Please stop posting interesting stuff! Can't you see I am trying to work here?
Current diversions:
Sugar is the Latest Supermarket Demon, NY Times (via Alaina).
Dr. Stuart Fischer, who worked for nine years with the low-carb diet specialist Dr. Robert Atkins and now runs his own nutrition practice in Manhattan, contends that artificial sweeteners do nothing for a person's "overall health" because they perpetuate cravings for sweet foods.
"They remind dieters about the taste of the forbidden fruit," Dr. Fischer said. "Does Alcoholics Anonymous recommend alcohol-free beer? Of course not." Dr. Fischer said he counsels patients to cut out all sweet foods from their diet to eliminate sugar cravings, which he says can lay the groundwork for Type II diabetes.
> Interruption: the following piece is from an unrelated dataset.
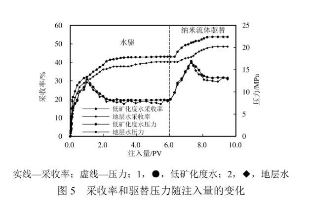 在驅(qū)油機理實驗探究的基礎(chǔ)上,優(yōu)選納米ZIF-8顆粒質(zhì)量分?jǐn)?shù)為0.03%的納米流體進(jìn)行巖心驅(qū)替實驗。采收率及驅(qū)替壓力隨注入體積的變化如圖5所示。使用模擬地層水、低礦化度水首次驅(qū)替至無油產(chǎn)出時的采收率分別為40.24%、43.06%。轉(zhuǎn)注含納米ZIF-8顆粒的流體后,受益于巖石表面潤濕性向著更加水濕轉(zhuǎn)變以及油水間界面張力的降低,油滴更易被剝落,且在流動過程中更易被注入液包裹形成乳狀液,增強了微觀驅(qū)替效率,從而使得最終采收率分別提高了8.25百分點和10.71百分點。注入納米流體后,驅(qū)替壓力得到了一定的提升。這可能是由于納米顆粒堵住了部分高滲通道,流體向孔滲條件較差的小孔隙流動,從而提高了波及效率,在一定程度上也有助于采收率的提高。

Dr. David Katz, a nutrition specialist and professor of public health at the Yale University School of Medicine, says that in his 15 years of treating patients he has observed that people who consume a lot of artificially sweetened foods also end up eating an excess of foods loaded with regular sugar, negating any savings in calories. "If you're exposed to sweet foods and drinks often, the threshold for satisfaction goes up," Dr. Katz said.
Bitter Greens Journal on the billionth acre of GM crops planted.
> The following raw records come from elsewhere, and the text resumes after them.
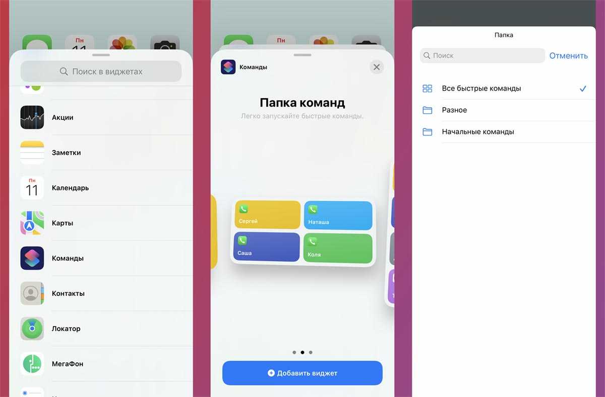 Создайте нужные автоматизации для вызова абонентов, как в предыдущем способе. Однако, вместо добавления ярлыка для каждого скрипта добавьте виджет приложения Команды на рабочий стол.
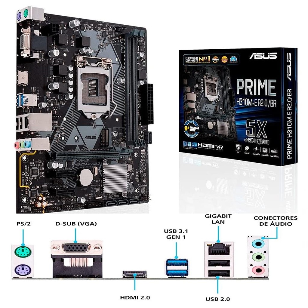 Placa Mãe mATX Asus PRIME H310M-E R2.0/BR Intel 1151 DDR4 HDMI D-Sub USB 3.1 90MB11X0-C1BAY0
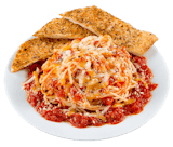 Served with your choice of homemade meat sauce, tomato vegetarian sauce or Alfredo sauce. Include personal 8'' garlic bread and Parmesan cheese.
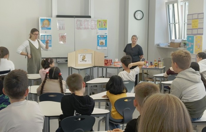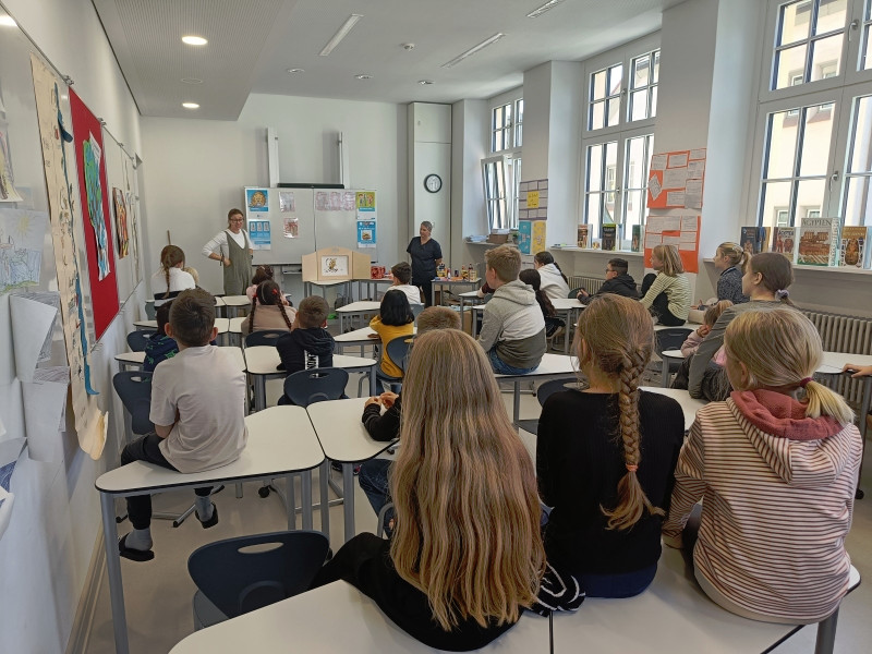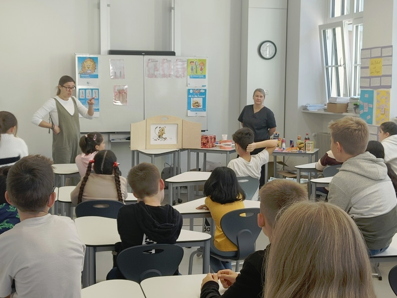 Verschiedene Erzählungen dienten als Ausgangspunkt, um ihnen den Zusammenhang zwischen Ernährung und Wohlbefinden näher zu bringen. Die Schülerinnen und Schüler lernten, dass Gesundheit sich aus verschiedenen Bausteinen - gesunder Ernährung, ausreichend Bewegung und (Zahn-)Hygiene – zusammensetzt.

Also, exploding yields led to tumbling prices. Not coincidentally, the
same period described by Business Week saw the total number of U.S.
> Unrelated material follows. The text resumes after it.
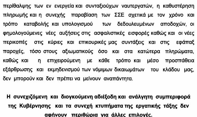 Το κείμενο της ανακοίνωσης της Π.Ν.Ο και οι λόγοι της απεργίας και οι λόγοι τα εξής.
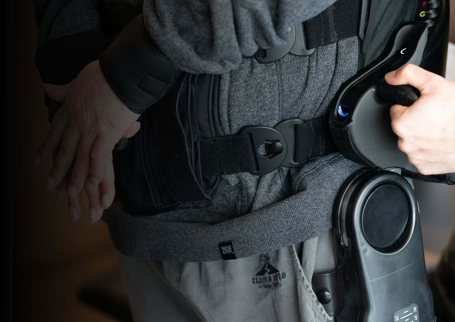The original SAM Suit prototype was built on existing exoskeleton technologies. With electronically guided support for his torso, arms and lower extremities, Sam was able to stand and walk for short distances under the watchful eye of a safety assistant.

farms plunge from 5 million to under 2 million.
There's a lot
of despair and pain built into that number, lots of tradition ruined,
families and entire areas devastated. The quality of our food, too, has
paid a dear price.
And as GM crops continue their awesome ascent, I fear, the unpaid bills of industrial agriculture will continue piling up.
The
only salute I can offer Monsanto on the occasion of the billion-acre
milestone is a middle finger raised high in the air. I hope more
farmers join me in this gesture.
Halting the march of unreason, including organic foods (SF Chronicle).
Lord Taverne characterizes as "a monument to irrationality" the trend toward consumers buying overpriced organic food, promoted by advocates whose "principles are founded on a scientific howler; it is governed by rules that have no rhyme or reason, and its propaganda could have an adverse effect on the health of poor people."